On ne peut pas susciter de l’intérêt à quelqu’un pour rester au chômage ! C’est honteux pour l’ouvrier qui se lève tôt et qui aurait pu choisir de faire le beau sur les planches pour bénéficier d’un régime chômage sur le dos de la collectivité ! On peut avoir des artistes sans avoir ce régime. Si la culture participe à ce point au PIB, elle doit être viable.
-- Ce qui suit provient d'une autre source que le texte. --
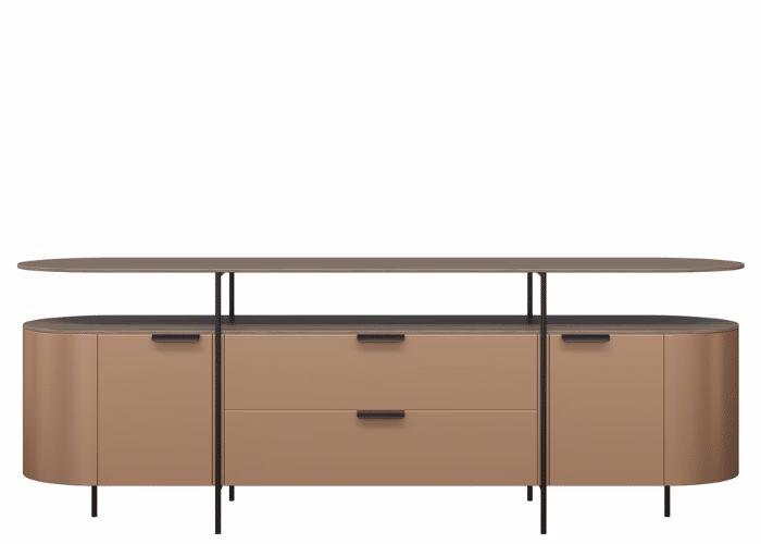 The Capri Credenza showcases an exquisite curved end storage unit, designed with a lower height to optimize space utilization. The uplifted top adds a touch of elegance, while the welded features ensure durability and structural integrity. Features • Curved Ends • 2 Doors and 2 Standard Drawers with Cove Handles • Welded Frame • Uplifted Top • Round Tube Black Powdercoated 19mm Legs • Internals Black • Dimension (mm): 2400W x 450D x 800H • Made to order Lead time: 25 business days • Proudly Designed and Made in Australia • Custom size available P.O.A • Warranty: 5 Years • $70 extra each to add door lock • Colour Shown: Copper Leaf & Prime Oak • 55 colours to choose from, refer to the colour swatch • Flatpack, assembly required

On peut lui accorder des prêts à 0% pour qu’elle puisse vivre, mais il ne faut pas la verser dans l’assistanat, car on n’en a plus les moyens !

Je préfère voir 320 Millions à financer la construction de deux hôpitaux qu’à payer des gus à danser sur une scène : a bon entendeur !

Cette situation ne peut pas durée car elle brise l’obligation d’équité entre les salariés et elle accroit de facto le déficit de l’Etat qui n’a pas besoin de cela pour être abyssal !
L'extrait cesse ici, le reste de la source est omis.